F. Claim 3b: Deliberate Indifference to Diabetes
In Claim 3b, plaintiff alleges deliberate indifference to plaintiff's need for diabetes care by defendants Black, Konicek, Smith, Reese and Vander Sanden. (Doc. 11, at 9). Defendants assert that the record is “devoid of any basis for liability” with respect to plaintiff's diabetes-related claim. (Doc. 203- at 18).
Again, plaintiff must show that there existed (1) a substantial risk of serious harm to the inmate and that (2) the prison official knew of and disregarded that risk. Robinson, 292 F.3d at 563-64.
Here, the record does not indicate any substantial risk of serious harm to plaintiff from his diabetes. Plaintiff had disclosed being hypoglycemic. (Doc. 20-2, at 88, 91, 92, 140, 141).
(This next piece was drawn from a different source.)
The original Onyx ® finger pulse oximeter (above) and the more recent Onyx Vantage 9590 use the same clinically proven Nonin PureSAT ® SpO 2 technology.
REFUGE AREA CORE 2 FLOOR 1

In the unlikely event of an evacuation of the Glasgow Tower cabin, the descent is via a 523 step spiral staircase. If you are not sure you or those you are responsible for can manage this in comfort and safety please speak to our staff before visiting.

Plaintiff also spoke about diabetes three times:
(1) on September 27, 2019, he took objection to being told neither 6JDDCS nor IDOC would be covering the costs of his community medical expenses, and asked whether he would be denied proper care in the hypothetical event he had a heart attack from failing to properly maintain his diabetes; (2) on October 27, 2019, in support of one of his requests to move rooms, he [asserted] his roommates were threatening him because he farted in his sleep, which was a side effect of his diabetes; and (3) on November 1, 2019, he requested an extra weekend pass to the YMCA by citing the negative effect of lack of physical activity on his diabetes. (Id., at 141).
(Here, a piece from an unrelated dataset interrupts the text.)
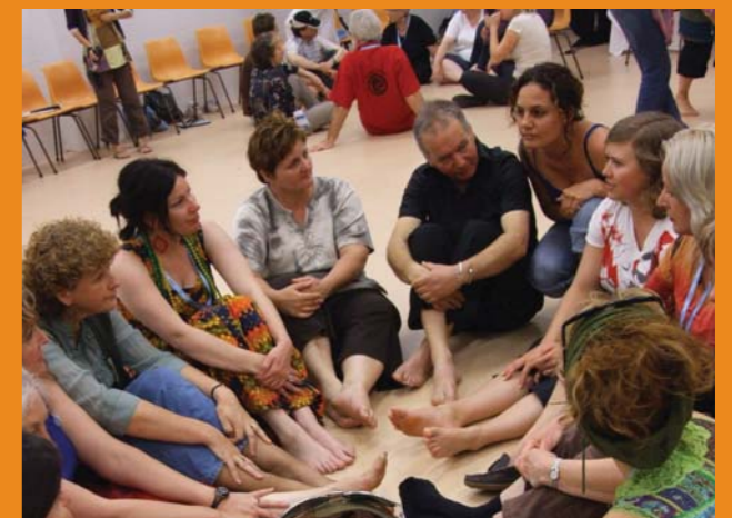
SOUND CIRCLES WORKSHOP, ARTS ACCESS THE PACIFIC EDGE

Regional Arts Australia produces a range of reports from time to time. Two publications currently available are: Heartwork: great arts stories from regional Australia (2004, co-published with the Australia Council with the support of the Australian Government through the Regional Arts Fund), which profiles exemplary regional arts projects; and National Directions: Regional Arts (2005) which outlines Regional Arts Australia's priorities and strategies for regional arts development. Contact your

Further, defendant Black was not “aware of any evidence that [plaintiff] was denied treatment by any [d]efendant[s] related to his diabetes[,]” only that plaintiff was instructed that he “would be responsible for both obtaining and paying for his own medical care while at the Lary A. Nelson Center[.]” (Id.).
Although the record supports a finding that defendants knew of plaintiff's hypoglycemia, it does not show that defendants knew of or disregarded a substantial risk of serious harm to plaintiff from his diabetes or from his specific symptom of hypoglycemia.
For these reasons, the Court finds defendants have provided enough evidence to negate an essential element of plaintiff's claim 3b. For that reason, the Court grants summary judgment on this claim 3b.
V. CONCLUSION
For the above reasons, the Court grants defendants' motion for summary judgment on all counts. (Doc. 20).
IT IS SO ORDERED this 5th day of January, 2023.